This course examines various theological negotiations of the complex interaction between Christian theology and the diversity of human life and activity subsumed under the tricky term "culture". Students analyze various theological approaches to this interaction, drawing the ethical implications of each and developing this implications into a strategy for cultural engagement in their own culture. This involves both careful biblical-ethical thinking and sensitive cultural study.
The mission of the people of God necessarily carries the Gospel of Jesus Christ into different cultural contexts. Yet the interactions between this Gospel and the diverse cultural contexts which it penetrates are far from uniform. This process which began in Acts continues today, with Christians living in contexts which offer varying iterations of these interactions. Christians seeking to concretely live out their faith in the complex 21st-century world need to understand the ways in which the Gospel variously supports, integrates with, questions, challenges, or opposes elements of their own culture - including their own "Christian" inculturation which has produced their faith itself. This course develops this tricky questioning, teaching students to read their own cultural context with careful theologically formed eyes, leading to a conscious double orientation to their faith and their culture.
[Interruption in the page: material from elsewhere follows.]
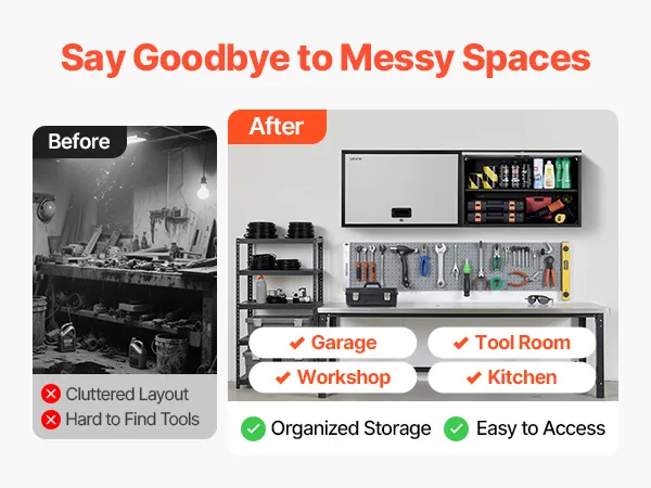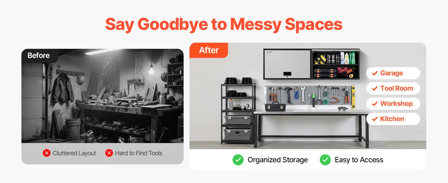 Our metal wall cabinet keeps tools and supplies in order for garages, workshops, kitchens, and more. Everything stays neatly arranged and easy to grab whenever you need it.

A major obstacle to missional living (whether in one's own culture or in a foreign culture) is a lack of awareness of how the Gospel sets us apart from our own cultural contexts, changes us, and prepares us for a missional life within those contexts. In theological terms, this distance which separates us from our own context is studied as a component of sanctification, which implies being "set apart" for holy service. Only a robust awareness of how the Gospel relates to (whether by addressing, supporting, challenging, or overturning) culture can address this problem, forming Christians to follow the Holy Spirit in living the new life in Christ in diverse cultural settings.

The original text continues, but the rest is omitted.